Leaving the pictures aside, reproduce the data in full and word for word.

_Given material_.
┌──
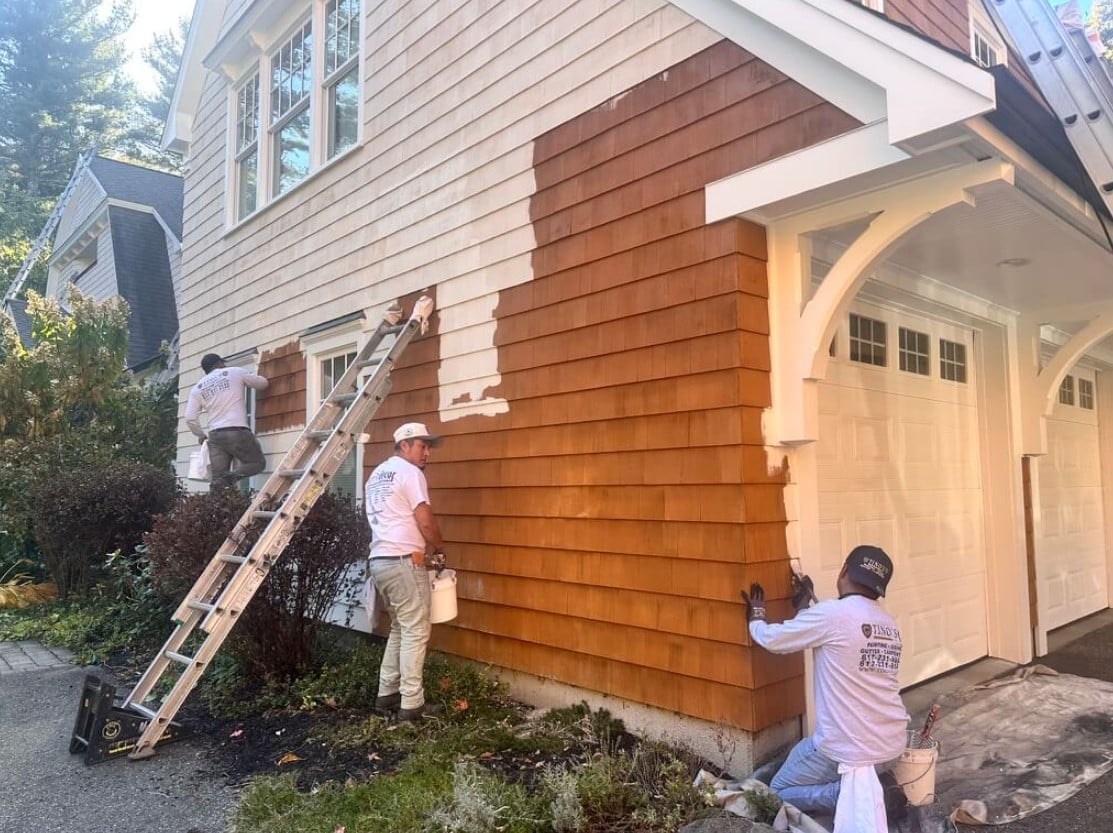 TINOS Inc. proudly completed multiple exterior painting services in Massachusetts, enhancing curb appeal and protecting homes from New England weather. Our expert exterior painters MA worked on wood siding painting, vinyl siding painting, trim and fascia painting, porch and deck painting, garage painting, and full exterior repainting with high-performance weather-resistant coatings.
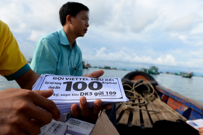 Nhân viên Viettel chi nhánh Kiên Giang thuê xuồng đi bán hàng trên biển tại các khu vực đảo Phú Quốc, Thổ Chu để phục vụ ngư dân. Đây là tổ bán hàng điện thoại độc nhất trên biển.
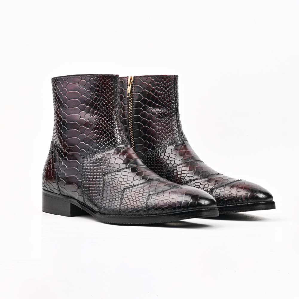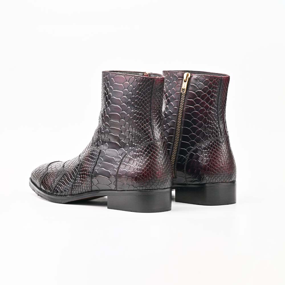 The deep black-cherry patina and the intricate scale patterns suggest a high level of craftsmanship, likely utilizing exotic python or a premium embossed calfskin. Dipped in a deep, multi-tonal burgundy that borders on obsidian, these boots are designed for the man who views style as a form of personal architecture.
└──
_Task solution_.
 TINOS Inc. proudly completed multiple exterior painting services in Massachusetts, enhancing curb appeal and protecting homes from New England weather. Our expert exterior painters MA worked on wood siding painting, vinyl siding painting, trim and fascia painting, porch and deck painting, garage painting, and full exterior repainting with high-performance weather-resistant coatings.
 Nhân viên Viettel chi nhánh Kiên Giang thuê xuồng đi bán hàng trên biển tại các khu vực đảo Phú Quốc, Thổ Chu để phục vụ ngư dân. Đây là tổ bán hàng điện thoại độc nhất trên biển.
 The deep black-cherry patina and the intricate scale patterns suggest a high level of craftsmanship, likely utilizing exotic python or a premium embossed calfskin. Dipped in a deep, multi-tonal burgundy that borders on obsidian, these boots are designed for the man who views style as a form of personal architecture.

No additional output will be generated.